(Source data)

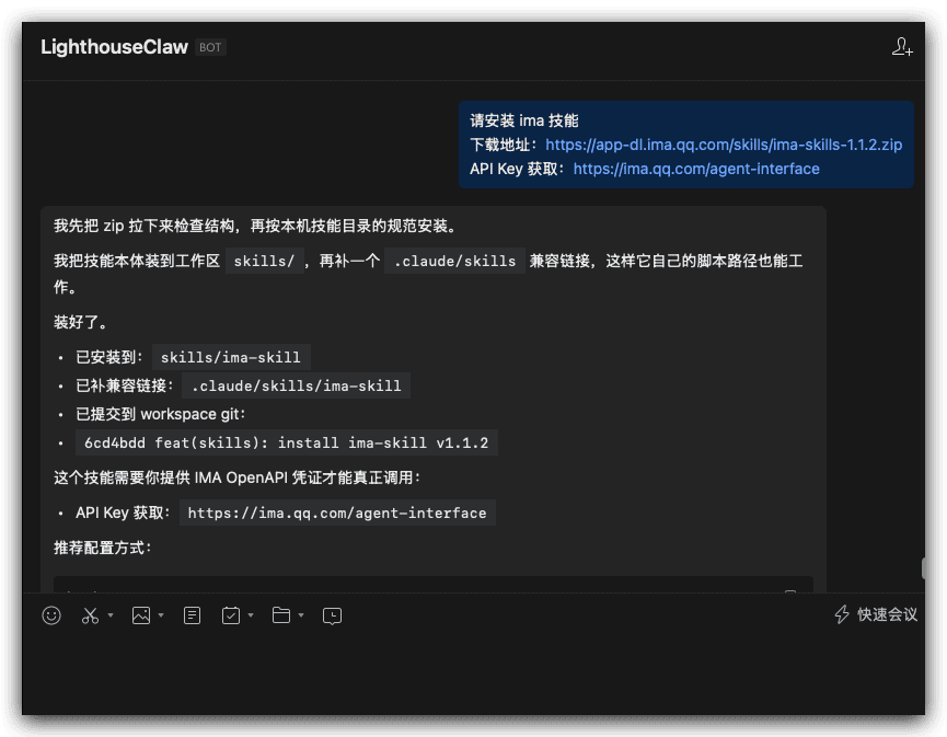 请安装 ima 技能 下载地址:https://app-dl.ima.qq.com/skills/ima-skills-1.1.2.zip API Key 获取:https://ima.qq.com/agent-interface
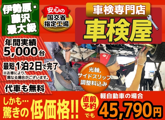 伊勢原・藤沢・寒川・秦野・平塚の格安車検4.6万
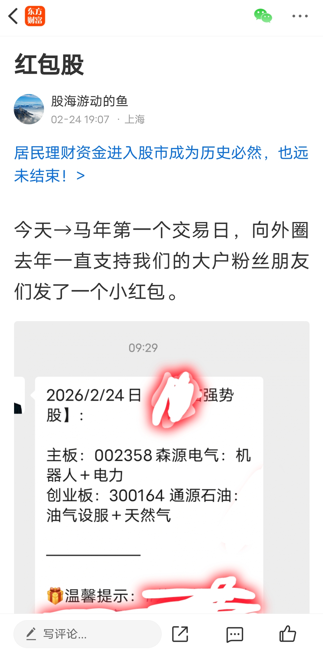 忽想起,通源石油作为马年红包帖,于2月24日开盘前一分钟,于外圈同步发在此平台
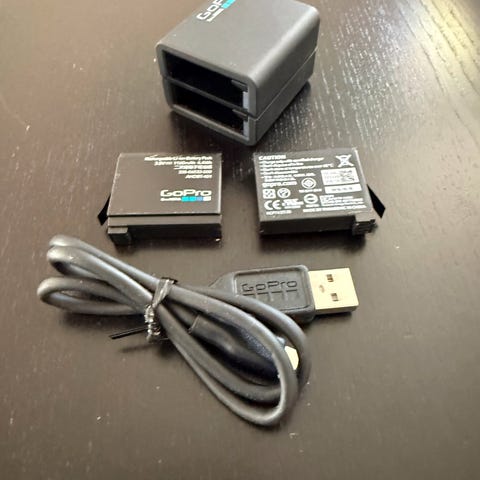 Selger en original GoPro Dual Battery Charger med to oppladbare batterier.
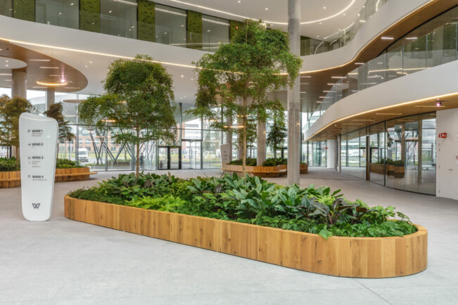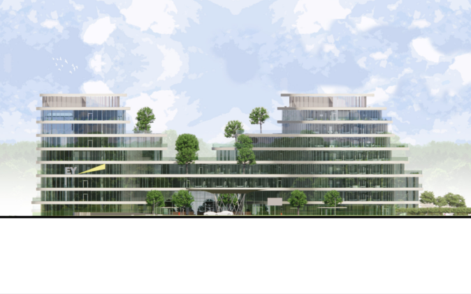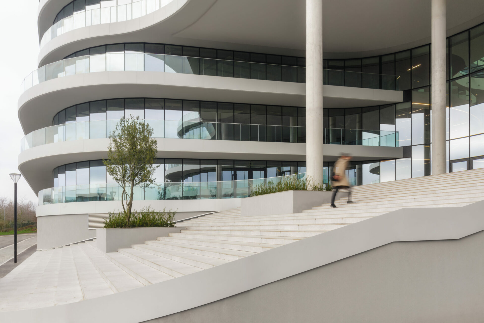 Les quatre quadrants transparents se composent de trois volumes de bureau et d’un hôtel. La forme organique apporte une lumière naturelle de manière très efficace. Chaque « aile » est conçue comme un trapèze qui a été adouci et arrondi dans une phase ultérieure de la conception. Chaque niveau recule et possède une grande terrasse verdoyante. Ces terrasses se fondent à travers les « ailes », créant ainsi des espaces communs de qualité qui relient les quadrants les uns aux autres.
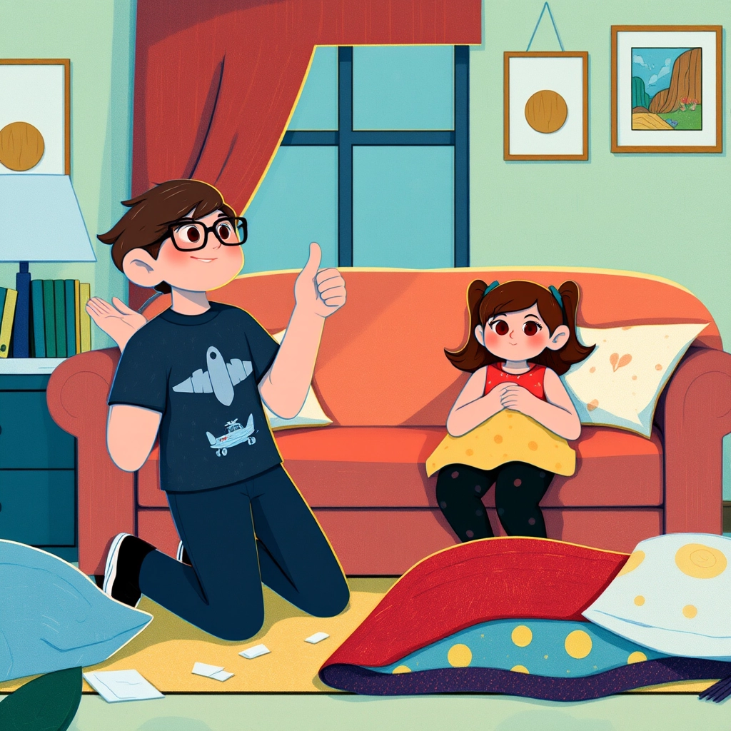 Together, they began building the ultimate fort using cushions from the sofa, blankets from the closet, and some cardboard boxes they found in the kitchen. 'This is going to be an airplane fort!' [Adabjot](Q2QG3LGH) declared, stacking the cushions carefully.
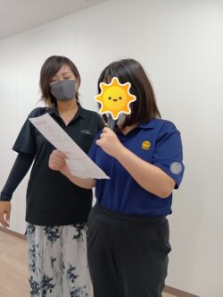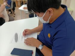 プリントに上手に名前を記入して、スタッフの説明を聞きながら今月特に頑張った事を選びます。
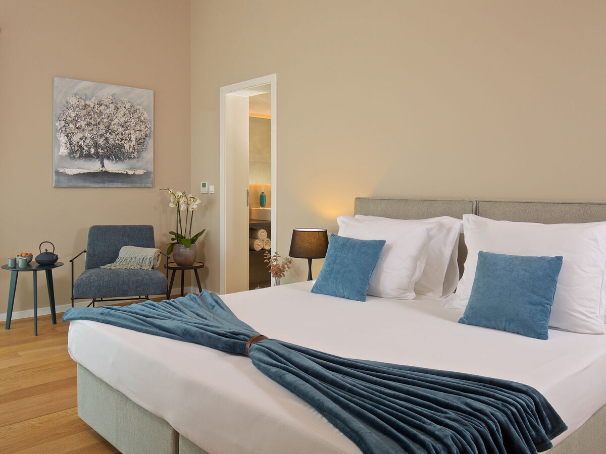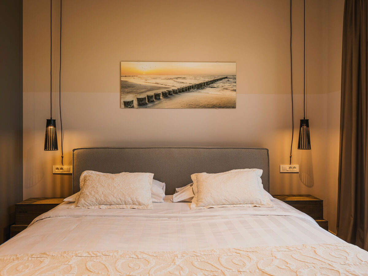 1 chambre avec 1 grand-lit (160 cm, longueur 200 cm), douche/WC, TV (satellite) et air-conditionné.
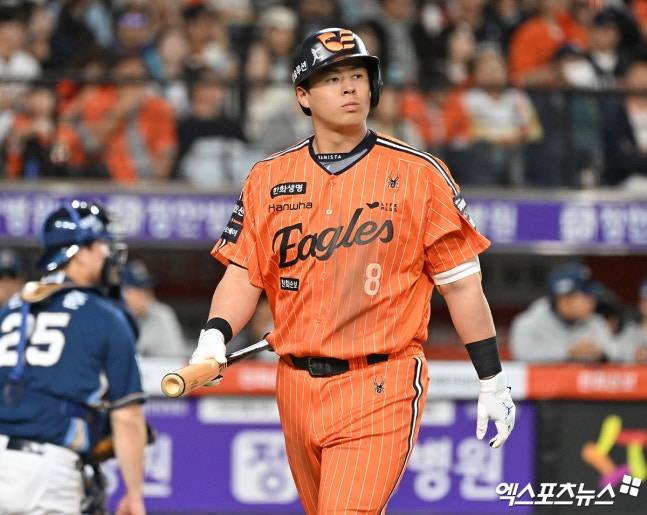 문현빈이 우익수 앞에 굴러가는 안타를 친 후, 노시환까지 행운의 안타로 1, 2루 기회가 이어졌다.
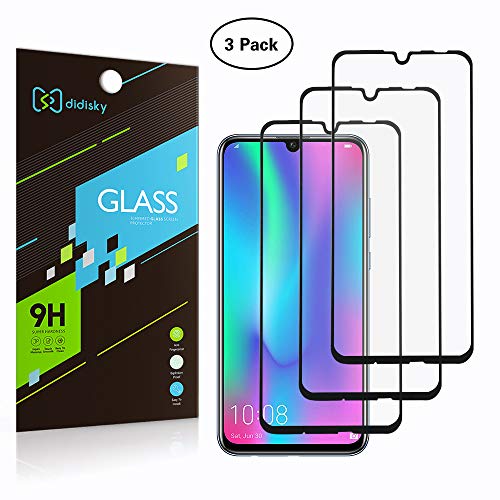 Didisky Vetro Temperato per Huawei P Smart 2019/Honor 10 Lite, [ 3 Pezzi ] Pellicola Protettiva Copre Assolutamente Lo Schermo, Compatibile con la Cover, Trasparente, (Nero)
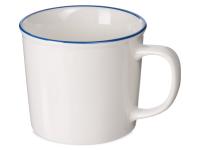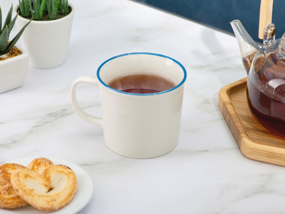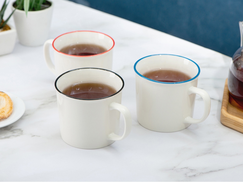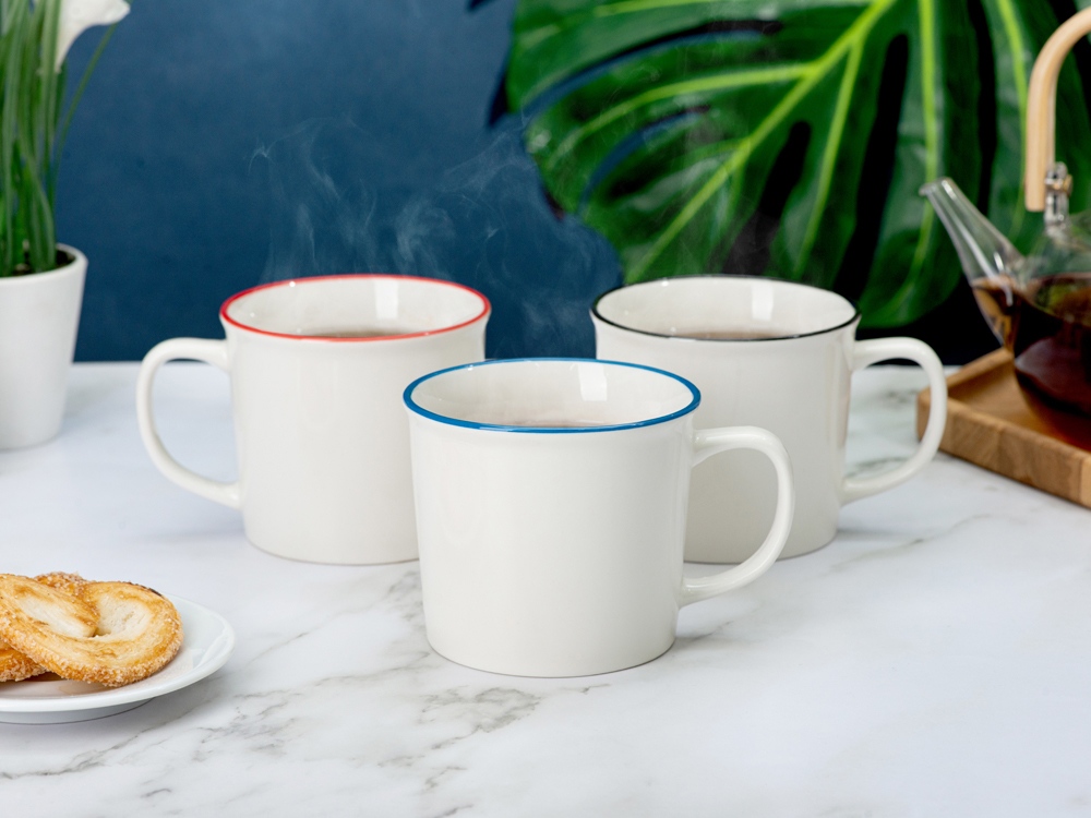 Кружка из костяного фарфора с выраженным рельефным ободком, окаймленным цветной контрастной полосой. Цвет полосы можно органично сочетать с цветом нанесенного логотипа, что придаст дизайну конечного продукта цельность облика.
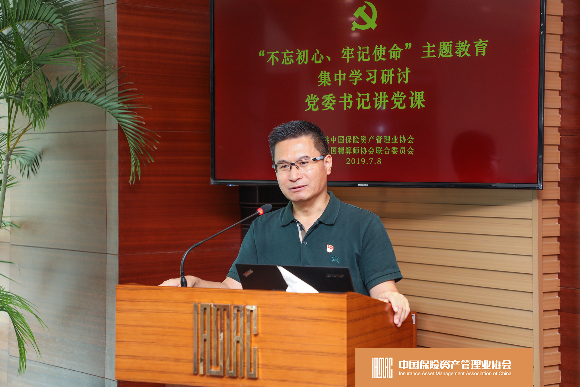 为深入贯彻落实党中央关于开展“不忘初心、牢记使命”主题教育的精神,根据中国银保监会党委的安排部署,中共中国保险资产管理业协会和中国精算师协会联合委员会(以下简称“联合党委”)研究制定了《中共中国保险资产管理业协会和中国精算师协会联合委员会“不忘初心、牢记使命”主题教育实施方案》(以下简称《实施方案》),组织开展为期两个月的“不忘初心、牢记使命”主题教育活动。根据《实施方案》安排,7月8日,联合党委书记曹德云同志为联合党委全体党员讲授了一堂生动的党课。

### WHAT TO PRODUCE
Could you repeat every record exactly as written, with the pictures left out?

### YOUR SOLUTION
 请安装 ima 技能 下载地址:https://app-dl.ima.qq.com/skills/ima-skills-1.1.2.zip API Key 获取:https://ima.qq.com/agent-interface
 伊勢原・藤沢・寒川・秦野・平塚の格安車検4.6万
 忽想起,通源石油作为马年红包帖,于2月24日开盘前一分钟,于外圈同步发在此平台
 Selger en original GoPro Dual Battery Charger med to oppladbare batterier.
 Les quatre quadrants transparents se composent de trois volumes de bureau et d’un hôtel. La forme organique apporte une lumière naturelle de manière très efficace. Chaque « aile » est conçue comme un trapèze qui a été adouci et arrondi dans une phase ultérieure de la conception. Chaque niveau recule et possède une grande terrasse verdoyante. Ces terrasses se fondent à travers les « ailes », créant ainsi des espaces communs de qualité qui relient les quadrants les uns aux autres.
 Together, they began building the ultimate fort using cushions from the sofa, blankets from the closet, and some cardboard boxes they found in the kitchen. 'This is going to be an airplane fort!' [Adabjot](Q2QG3LGH) declared, stacking the cushions carefully.
 プリントに上手に名前を記入して、スタッフの説明を聞きながら今月特に頑張った事を選びます。
 1 chambre avec 1 grand-lit (160 cm, longueur 200 cm), douche/WC, TV (satellite) et air-conditionné.
 문현빈이 우익수 앞에 굴러가는 안타를 친 후, 노시환까지 행운의 안타로 1, 2루 기회가 이어졌다.
 Didisky Vetro Temperato per Huawei P Smart 2019/Honor 10 Lite, [ 3 Pezzi ] Pellicola Protettiva Copre Assolutamente Lo Schermo, Compatibile con la Cover, Trasparente, (Nero)
 Кружка из костяного фарфора с выраженным рельефным ободком, окаймленным цветной контрастной полосой. Цвет полосы можно органично сочетать с цветом нанесенного логотипа, что придаст дизайну конечного продукта цельность облика.
 为深入贯彻落实党中央关于开展“不忘初心、牢记使命”主题教育的精神,根据中国银保监会党委的安排部署,中共中国保险资产管理业协会和中国精算师协会联合委员会(以下简称“联合党委”)研究制定了《中共中国保险资产管理业协会和中国精算师协会联合委员会“不忘初心、牢记使命”主题教育实施方案》(以下简称《实施方案》),组织开展为期两个月的“不忘初心、牢记使命”主题教育活动。根据《实施方案》安排,7月8日,联合党委书记曹德云同志为联合党委全体党员讲授了一堂生动的党课。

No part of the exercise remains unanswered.